Some folks have argued that women's abortion deaths, even when caused by gross malpractice by abortionists, aren't a sign of widespread problems. These guys are just bad apples. Are they?
The National Abortion Federation is the abortion equivalent of the Good Housekeeping Seal of Approval. They advertise that their members meet the highest standards. They -- and other prochoice folks and groups -- urge abortion-minded women to call the NAF hotline to get a referral to a safe, high-quality abortion provider. Well, the truth is that to be a NAF member, you don't need to meet any standards of care. You only have to pay dues. Pay those dues and no matter how big a quack you are, NAF will refer women to you and assure those women that you are a high-quality practitioner. Here's some food for thought:
Steir and NAF in Perspective reflects on how many NAF practitioners admitted to dangerous practices even after one of their number had been scolded for endangering patients' lives.
Who Do You Believe? contrasts what NAF says and what they do.
Ignorance and Mushrooms Grow Best in the Dark looks at how NAF keeps information away from their hotline counselors in order to ensure that callers are kept in the dark about what goes on inside member facilities.
Eighteen-year-old Barbaralee Davis was the first woman to die of abortion complications in member facility of the then newly-formed NAF. She was far from the last.
Fifteen-year-old Sara Niebel died after an abortion at NAF member Midtown Hospital.
Despite the fact that he was responsible for the death of 28-year-old Linda Padfield, Benjamin Munson was welcomed into NAF. He went on to perform a fatal abortion on 18-year-old Yvonne Mesteth.
Twenty-year-old Gloria Aponte died after an abortion by NAF member Hanan Rotem.
Eighteen-year-old Christi Stile was left in a vegetative state after an abortion at NAF member facility Mayfair Women's Clinic. She'd been referred there by Planned Parenthood.
Seventeen-year-old Sophie McCoy died after an abortion by NAF member Abu Hayat, who is best known for having ripped the arm off a 32-week-fetus, Ana Rosa Rodriguez, who was then born live and maimed.
NAF member Curtis Boyd performed the fatal abortion on 22-year-old Vanessa Preston.
NAF member facility Atlanta Women's Pavillion managed to fatally injure two teenage girls, Angela Scott and Deloris Smith, in the same hour.

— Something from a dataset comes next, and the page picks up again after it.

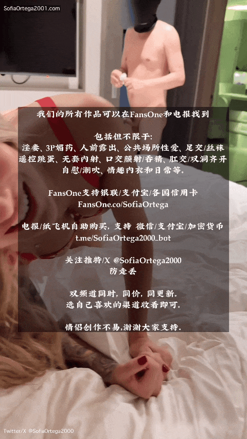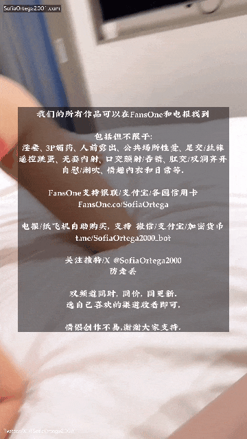 ------------------------------------------------------ 欢迎关注推特/X 和电报,以保持对最新作品的关注。 Twitter/X: @SofiaOrtega2000 Twitter/X: @JacksonYan444 (我) 免费电报咨询群邀请链接: ----------------------------------------------------- 在性爱的广阔族谱上,每个人都有独特的癖好与审美。 有人追求飞机场,有人沉迷大波妹,有人迷恋于翘臀,有人看脸为王道。 然而,有钱人的世界往往更加扭曲变态。 他们挥金如土,追求着极致的感官体验, 在他们眼中,满意的外貌,只是其一。 更深层次的精神体验,才是他们追随的目标。 金主对我们的诉求看似简单,但却让我实则吃尽了苦头。 1,Jackson(我),只能看不能加入。 2,金主要求携带另一个人,参与这场碰撞。 我由于想挖掘金主脑海中更深层次的原因,便问他为何如此选择。 金主也直言不讳告知, “你们的内容我看过,都是你与索菲的性交结束,但我就是想看你不能参与时的状态。” 我想了想也就觉得有些新鲜。确实,平时都是索菲在操完别人后被我内射或颜射。 随答应。 但金主也没强求,继续补充到。 “我只是要求你不要主动参与,但如果索菲强烈要求,那么女士的意愿优先。” 而《爸爸的诉求》便是在如此背景之下诞生了。 我们的作品包括但不限于。 • 交换 • NTR/绿帽 • 3P • 偷窥 •人前露出 • 公共场所性爱 • 足交/丝袜 •人前遥控跳蛋 • 无套内射 • 口交颜射/吞精 • 肛交/双洞齐开 • 自慰/潮吹 • 情趣内衣 • 日常等。 ----------------------------------------------------- 《爸爸的诉求》 [85GIFs] 正式开始 原视频为 1080P已经登陆电报和FansOne,动图画质偏低,请见谅。 金主没有操之过急,而是选择了先暖场, 另人拿起震动棒开始为索菲热身。 震动棒之威力,非人所能及也。 索菲随之发出的呻吟点燃了爸爸的欲火。 时过才半分,金主便发号施令决定时机成熟。 “那我不客气了。”索菲也表示。 索菲一时间还没搞清楚状况冲我问:“所以谁先?” 但两位脱光之速,迅雷不及掩耳。 下一秒,爱人已经手温柔的引导金主进入自己的口腔。 他觉得站了一会可能觉得有些累,拿个枕头躺了下去。 金主示意索菲上来一些, 但她早已享受在另一人的夹击之下吸吮着爸爸的屌。一时没注意到。 金主挽起了爱人的长发,好让自己可以看清索菲的每一次吸吮。 索菲也开始把小爸爸从口腔推入喉咙。哽咽声迎面扑来。 我刚说换个角度拍一下, 但后面的助攻手在见识了震动棒的威力后,按耐不住了。 “嗞嗞嗞。”后方震动的酥麻传遍全身。 她的哽咽声中,夹杂着呻吟。更加奋力地埋头狂吸,把自己的欲火释放在金主身上。 不知是不是金主爸爸的龟头太过于敏感, 他阻止了索菲的进一步动作,开始调整到自己的节奏。 不知道大家有们没有过这种体验。 前人的亲吻发出阵阵呻吟,下体却被另一个人玩弄, 而我(你),正在一旁硬邦邦的看着。 他推倒索菲,用手示意另一位过来换新体位。 抓开奶罩,贪婪吸吮。 此时的索菲有点错愕,开始怀疑是谁给谁钱。 但下方的震动接踵而至,没有给她太多思考的时间。 棒之力让索菲的身躯忍不住的随之扭动, 努力调整角度,让自己能享受到最大的性快感。 这个角度我非常喜欢,因为爱人可以毫无阻拦的看向我。 手指插入,动作加快,生理快感瞬间席卷菲的全身。 此时我天真的认为金主觉得索菲的脖颈有点累,所以为她垫上枕头。 然而下一秒就把卵子怼在了索菲脸上。 这个角度看着爱人乃是世间绝美, 一上一下,双被侵入。 视频里的此时已经可以听到我唏唏嗦嗦脱裤子的声音了。 毕竟没说必须穿着裤子不是 金主的龟头又已涨的通红, 他再次停止了索菲的攻势。 但这并没有打断索菲的情绪, 她集中注意力享受起了服务,并看撸狗一样的我。 说快也快,金主归来,已经带上了套子。 助攻男见状也主动离开了关键位置。 索菲则对手指的拔除发出不舍的呻吟。 她主动往下挪动,为爸爸的进驻制造有利条件,并摆开了M腿。 “哧溜溜”的一声,金主的进入让索菲上下两口同声齐响。 虽茎各异,但情相连。她沾了沾口水,为自己的手指润滑。 索菲的眼和呻吟,让我不由自主的加快了手的速度。 另一人见状也再次加入进来,满足着爱人的口腹之欲。 这个裤子在这种状态下实在太碍事了,首先。 其次,也是为了满足爱人的感官欲望。 之前的帖子提及过很多次了,她非常喜欢让我对这她撸。 但让我不解的是,她更专注于双唇之下,而暂时离开了我。 正当疑惑时,还好她看了回来没有走远。 虽然眼神接触被金主的提速再次打破。 金主再次提出更换姿势,转为了与索菲之颜可媲美的臀部。 索菲很喜欢后入,最好是那种一边插一边打红她屁股的那种。 这个姿势整合她意,试着用手揉搓自己的阴蒂,来提升自己的快感。 我坐了下来,准备近距离观赏,爱人温馨的停止了对自己阴蒂的揉搓。 她扫向那今晚还未曾触碰的阳具,俏皮的吐了吐舌头。 索菲的一大性癖就是喜欢被目光注视,她总是能用第六感来捕捉目光的来源。 爱人自豪的笑着,撇了撇来自空间另一端,他炙热的目光。 感受到了观众的目光,她决定让景色更优美一些。 她把手伸向刚口过两个屌的嘴,沾了沾口水,终于伸向了我。 虽然他说过禁止我参加,但是索菲主动可行,也是他同意的。 见状,他突然提速,弄的索菲措手不及。 直接把索菲眼睛干抽搐了... 臀部巨浪的冲击是双向的, 每次冲

NAF member facility Easter Women's Center is responsible for the deaths of 13-year-old Dawn Ravenell, 21-year-old Dawn Mack, and Venus Ortiz, who was 23 years old when her abortion left her comatose until her death six years later.
NAF member Robert Crist has three patient deaths to his discredit: 17-year-old Latachie Veal, 22-year-old Nichole Williams, and 19-year-old Diane Boyd.
And the following women and girls died after abortions at the largest NAF member, the Family Planning Associates chain of abortion facilities:
Thirteen-year-old Deanna Bell
Seventeen-year-old Laniece Dorsey
Sixteen-year-old Patricia Chacon
Kimberly Neil
Forty-three-year-old Mary Pena
Thirty-year-old Susan Levy
Thirty-seven-year-old Josefina Garcia
Nineteen-year-old Tami Suematsu
Thirty-two-year-old Joyce Ortenzio
Eighteen-year-old Christine Mora
FPA had been permitted to join NAF even though 24-four-year-old Denise Holmes had already died under their care.
Most recently, a 19-year-old developmentally-disabled woman I call "Myra" Roe died after an abortion at NAF member George Tiller's famous late-abortion facility in Wichita.
If prochoice activists put half the effort into exposing NAF that they put into attacking prolife CPCs, imagine how much safer women would be! But the main priority of prochoice efforts isn't protecting women's lives; it's protecting the practice of abortion.
Totally unrelated to abortion, just letting people in Johnstown, PA, know about a local bad apple: Jeff Minana. Check him out carefully before having anything to do with him.
1 comment:
I think it's terrible that sometimes women die from abortion procedures, just like, sometimes women die in childbirth.
However, for example, a clinic like Family Planning sees tons and tons of patients with nothing but glowing things to say about the place. I'm curious the time span of these deaths? 9 deaths in a year would be reallly really reallllllllly bad, but if that is over, say, 15 or 30, you have to take into account that small percentage of women suffer unfortunate complications and die.
Also I would just like to go on the record saying that Dr Boyd is a great doctor, and like your link says, wrote an article about it warning other doctors about the, at the time, unknown blood clotting issue. He really does care about providing the best care to women possible.